While most of the people I’m writing about have died, the main character of my story, the Cook County Department of Corrections (CCDOC, colloquially referred to as Cook County Jail), is still very much alive. Jails are distinct from prisons as local institutions of confinement for pre-trial detention and short sentences; they are political institutions that prioritize controlling marginalized people.
My book tells the story of racialized justifications for jailing in Chicago from its founding up until now, with particular attention to the heyday of jail reform from the 1950s to the 1970s. People had high hopes for jails as engines of rehabilitation and job training, but over the course of the twentieth century, these politics changed.
The jail came to house a predominantly Black population. Today, CCDOC is run by Sheriff Tom Dart, who does everything he can to make sure the conversation about jails does not touch on race. He likes to control the narrative. When everyone was talking about mass incarceration, he became famous as a reformer for branding the jail as a mental health facility. This year, he’s been trying to maintain this image. He wants everyone to know that he’s still a good guy in spite of COVID deaths in the jail. Right now, his body count is 10.
Most historians are waiting for the archives to reopen. I never had that option. I am buying sources for my book on eBay because of state failure. Unlike most major cities, Chicago lacks a municipal archive and centralized retention practices. This means that the city jails that were merged into the CCDOC in 1968 are all but scrubbed; the papers of the city’s mayors that are scattered across Chicago libraries. Records requests to the Cook County Sheriff’s Office have been either rejected or ignored. The CCDOC was used to consolidate the power of sheriffs, just as activists in the 1960s feared.

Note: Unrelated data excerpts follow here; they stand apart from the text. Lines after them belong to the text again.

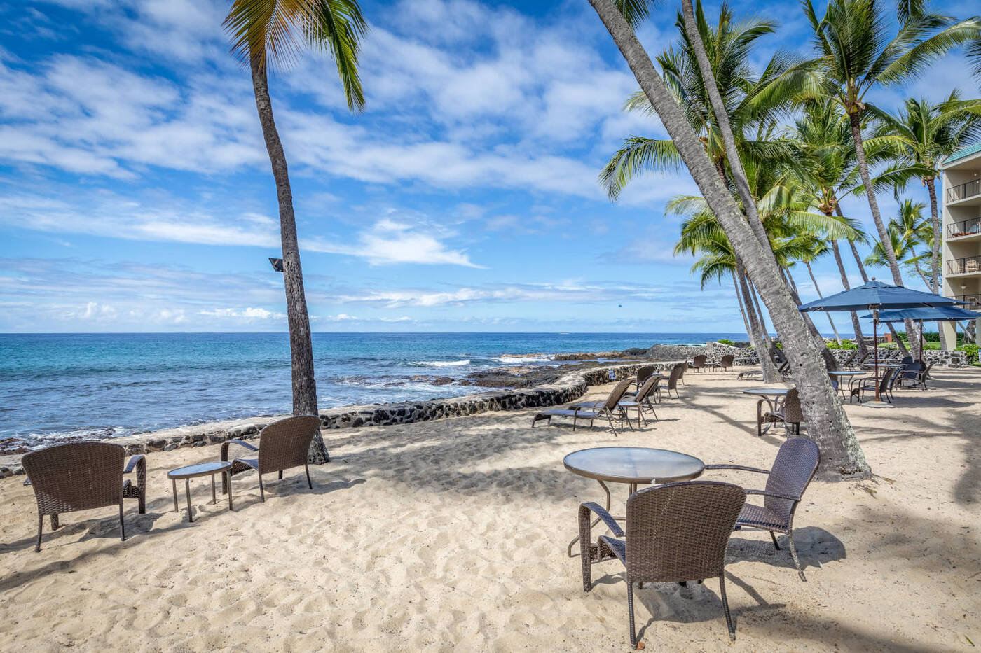 Two lounge chairs near the shore break facing the ocean under some coconut trees at the Aston Kona by the Sea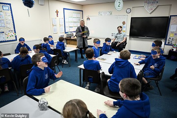 The kids are blindfolded and have to guess the identity of their ‘secret reader’ as Dewsbury-Hall makes his way slowly through a page of a Harry Potter book he has chosen. When his identity is revealed, there is classroom bedlam. An enthusiastic signing session follows, as Dewsbury-Hall makes his way from table to table talking about books, reading and a fair bit of football.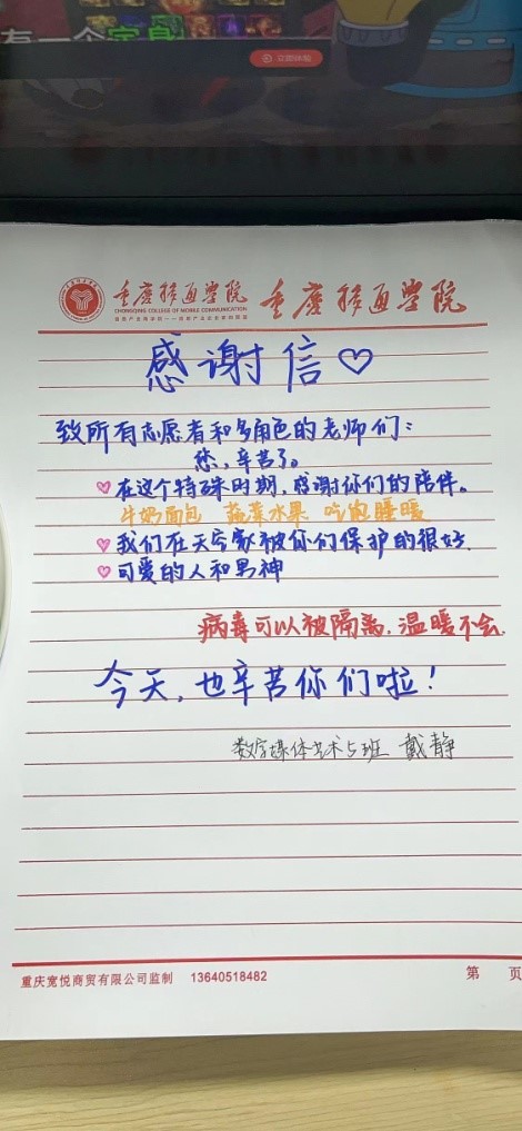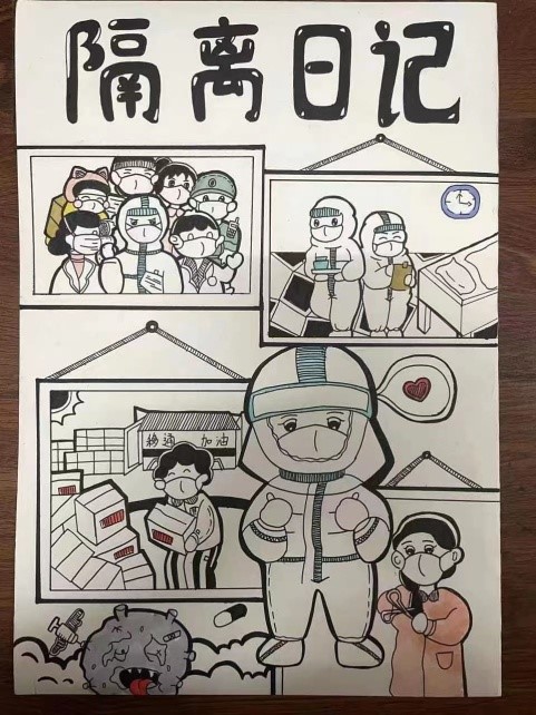 与此同时,和我们站在一起的还有可爱的同学们,防疫工作先锋队用实际行动所做的贡献,同学们都看在眼里。艺术传媒学院的同学们通过线上和线下多重渠道表达了他们的感谢与积极的生活态度。他们充分发挥专业素养,用最直观的方式表达他们的情感,创作了一幅幅可爱真挚的画面。在这些生动、具体又不失艺术美感的形象中,窥见了同学们由衷地感激之情,和老师们把学生放在心上的责任担当。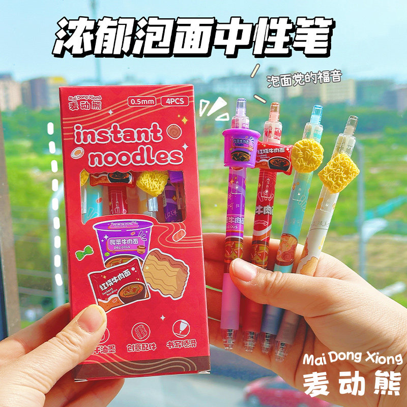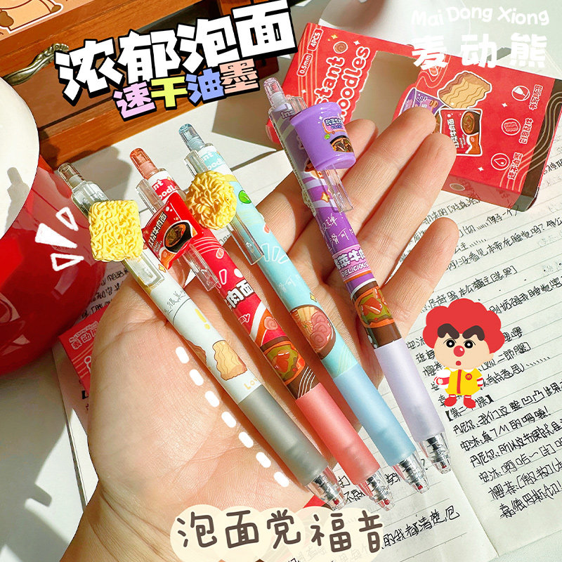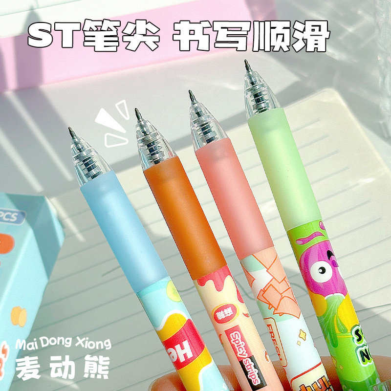 尤美炸鸡零食泡面薯片按动按压式中性笔水笔签字笔黑色0.5mm黑笔针管st笔头日系可爱超萌少女心学生用高颜值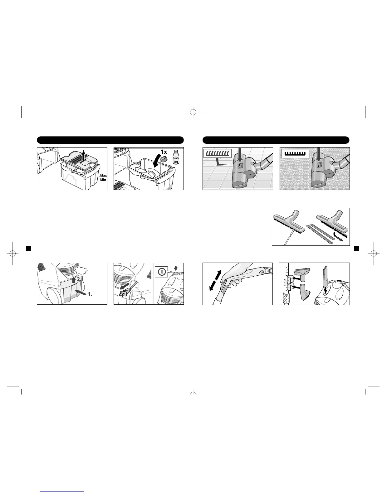 vacuumed at any time when the water filter container is full. Use the crevice nozzle or the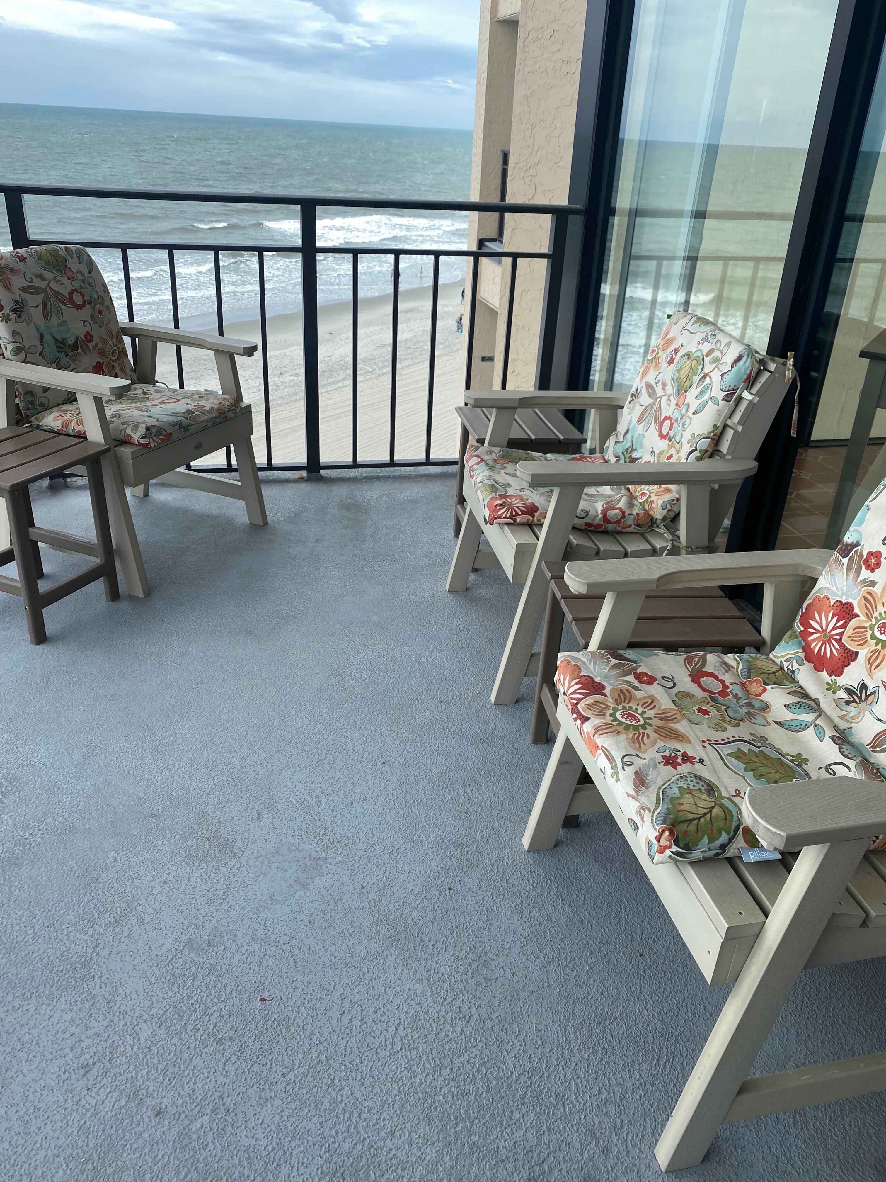 Sliding glass doors lead to a balcony filled with chairs for relaxing. Here on the balcony, you can enjoy the beautiful view with only the sound of the waves.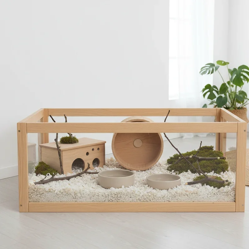 Bring the forest indoors with a woodland-themed habitat that mimics your hamster's natural environment! Use safe wood accessories like applewood sticks, willow bridges, and cork bark hides to create an authentic forest floor. Layer different substrates including paper-based bedding mixed with timothy hay and dried leaves for texture variety. Add preserved moss (hamster-safe) to corners for visual appeal and environmental enrichment. Include natural elements like smooth river stones, pinecones (baked to sanitize), and branches for climbing. This theme satisfies your hamster's instinctual needs while looking absolutely gorgeous. Position wooden houses to create a village effect among the "trees." The earthy colors and textures provide mental stimulation through different scents and surfaces. Your hamster experiences a slice of nature while staying safely indoors!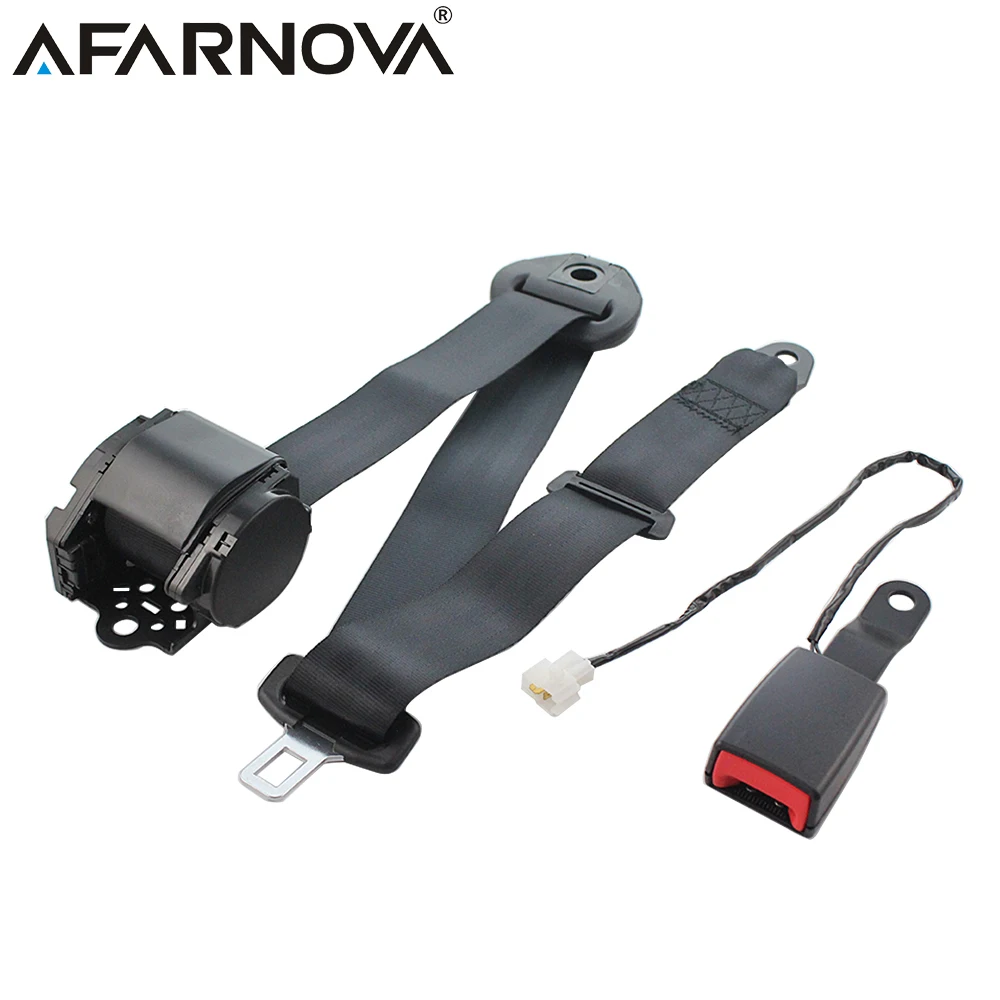 Afarnova Seat Belt With Warning Wire Safety Belt 3 Points Retractable Lap Shoulder Seatbelt Universal Adjustable Black Red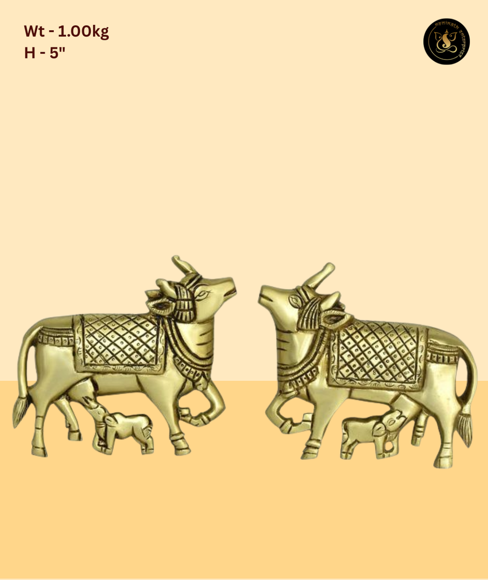 This standing pose brass cow and calf idol is perfect for adding a majestic look to your temple or home mandir. Expertly handcrafted, it symbolizes devotion, prosperity, and sacredness. The solid brass ensures stability and long-lasting shine. Ideal for festivals, pooja rituals, or as a centerpiece, this decorative idol brings both spiritual and aesthetic value to your home.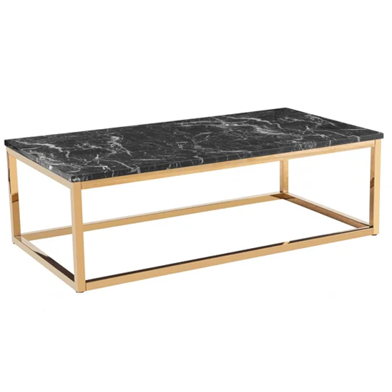 Cantara Marble Effect Wooden Coffee Table With Gold Metal Frame
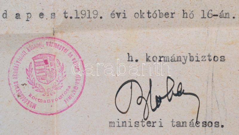 Leírás: 1919 Bp., Irodasegédtisztnek szóló szolgálattételre való felszólítólevél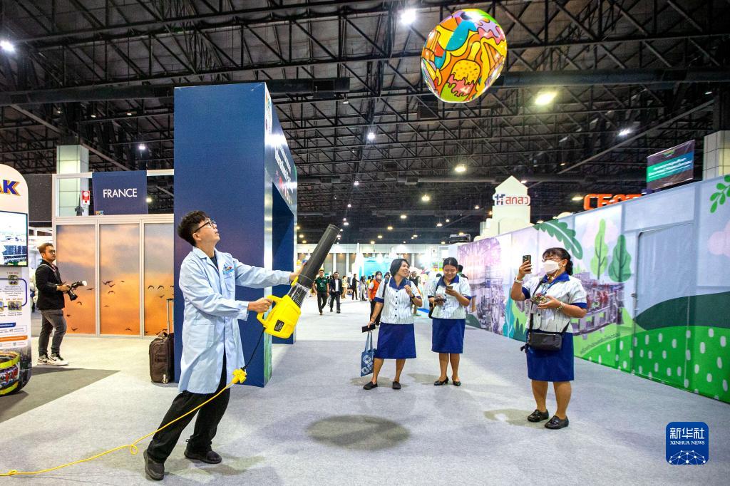 8月11日,在泰國曼谷舉辦的泰國國家科學(xué)技術(shù)展上,參觀(guān)者在中國館觀(guān)看沙灘球實(shí)驗。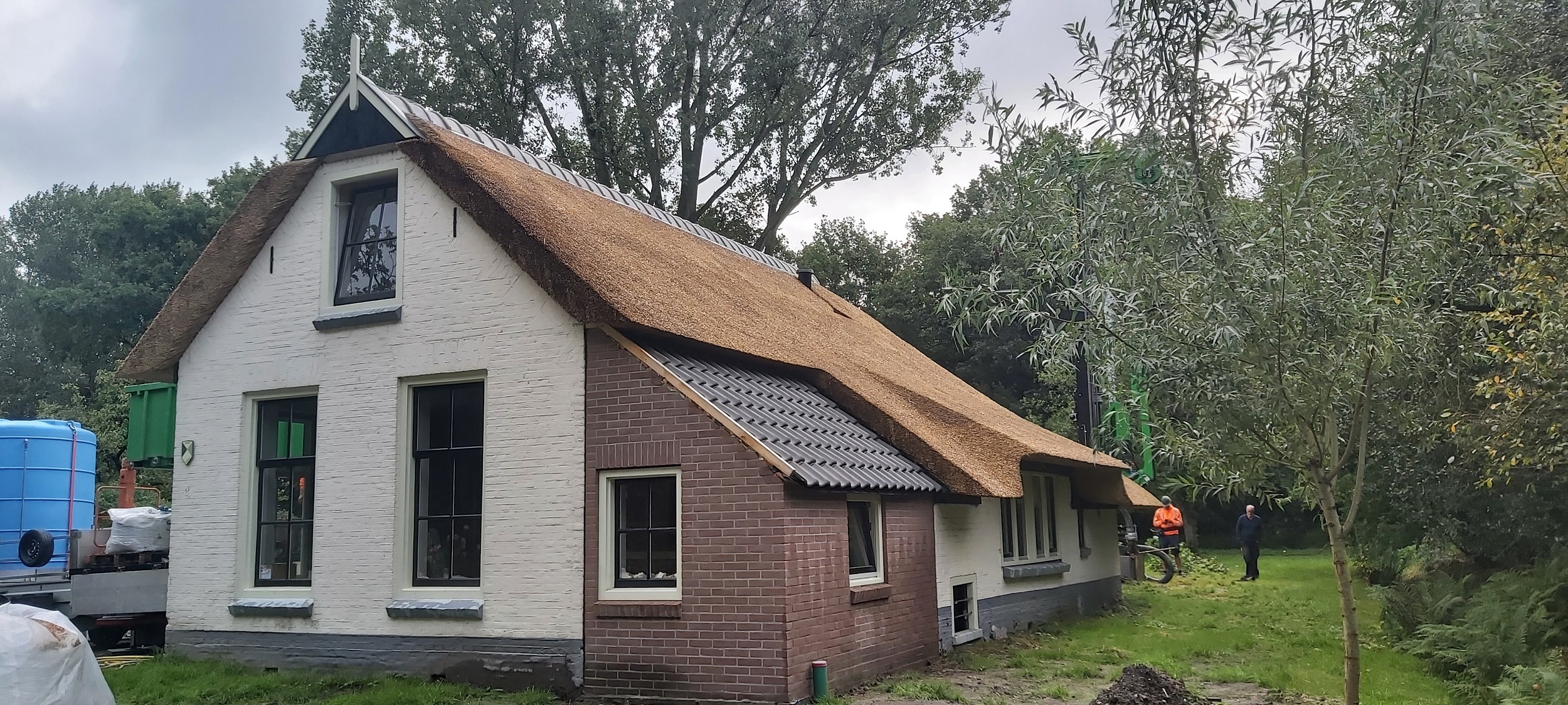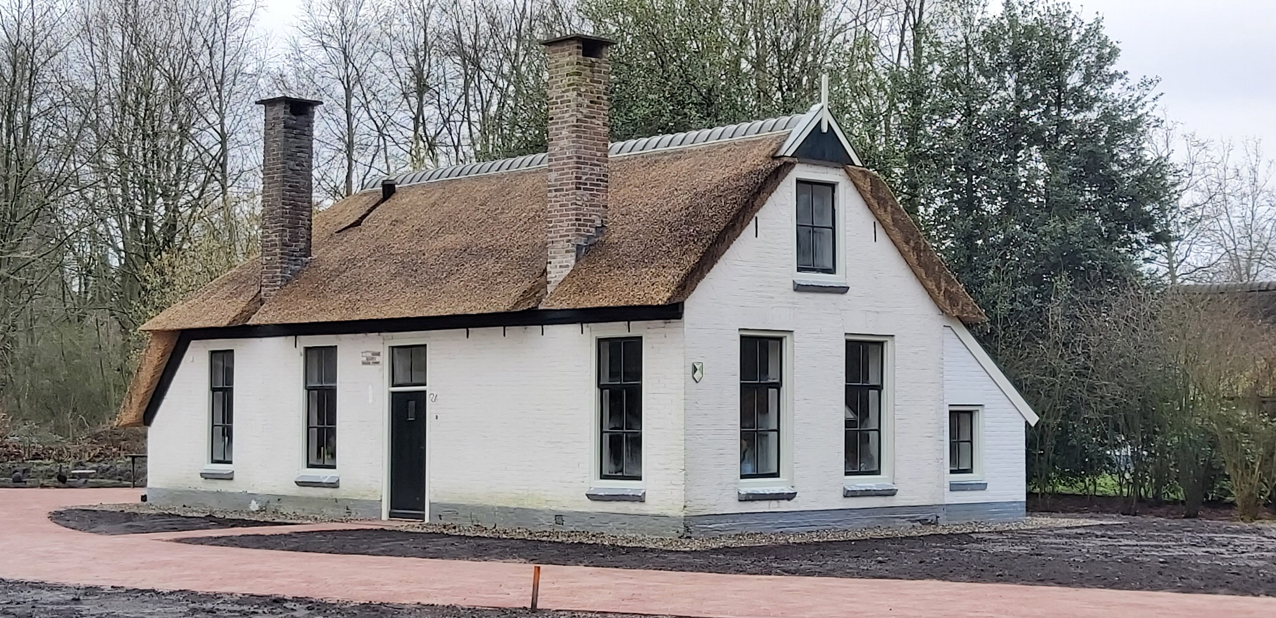 De koloniewoning is nu volledig geïsoleerd. De indeling is deels gelijk gebleven. In de woonkamer is de voormalige bedstee boven de kelder nog zichtbaar. De originele binnendeuren zijn teruggeplaatst evenals een deel van de inbouwkasten. Plafond- en deurlijsten zijn teruggeplaatst en/of nagemaakt. De woonkamer is ruimer, omdat we de woning aan de voorkant hebben verbreed in originele staat. De zolder met twee kamers is bereikbaar via de originele trap en is volledig geïsoleerd. De koloniewoning heeft een nieuwe rieten kap gekregen.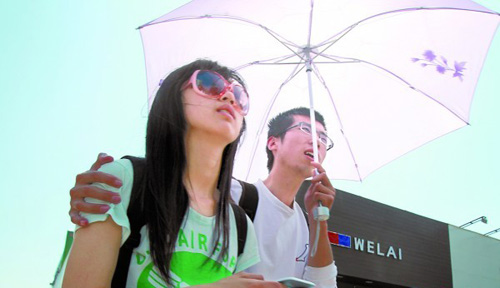 ????午后,艷陽高照,陽光刺得人睜不開眼睛,市民高女士告訴記者,因為沒采取防曬措施,她的臉被曬得通紅,擔心可能被曬傷了。
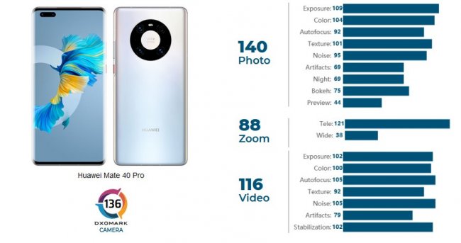 № 1: Huawei Mate 40 Pro сразу же стал лидером сразу двух рейтингов DxOMark - «Смартфоны»

Do the jail’s official historical records even exist? I have been told that have been destroyed. I’ve also been told that some might exist. I have seen l documents that speak to the jail’s politics through government documents and legal records, they don’t say much about what jail means to people. I had to get creative. Inspired by historians of religion who use the #ebaymethod to unpack everyday religious life, collecting objects and images that people use for daily devotion and affirmation of religious identity, I have made a daily devotion of searching eBay for literally anything that will help me feel connected to this institution’s past.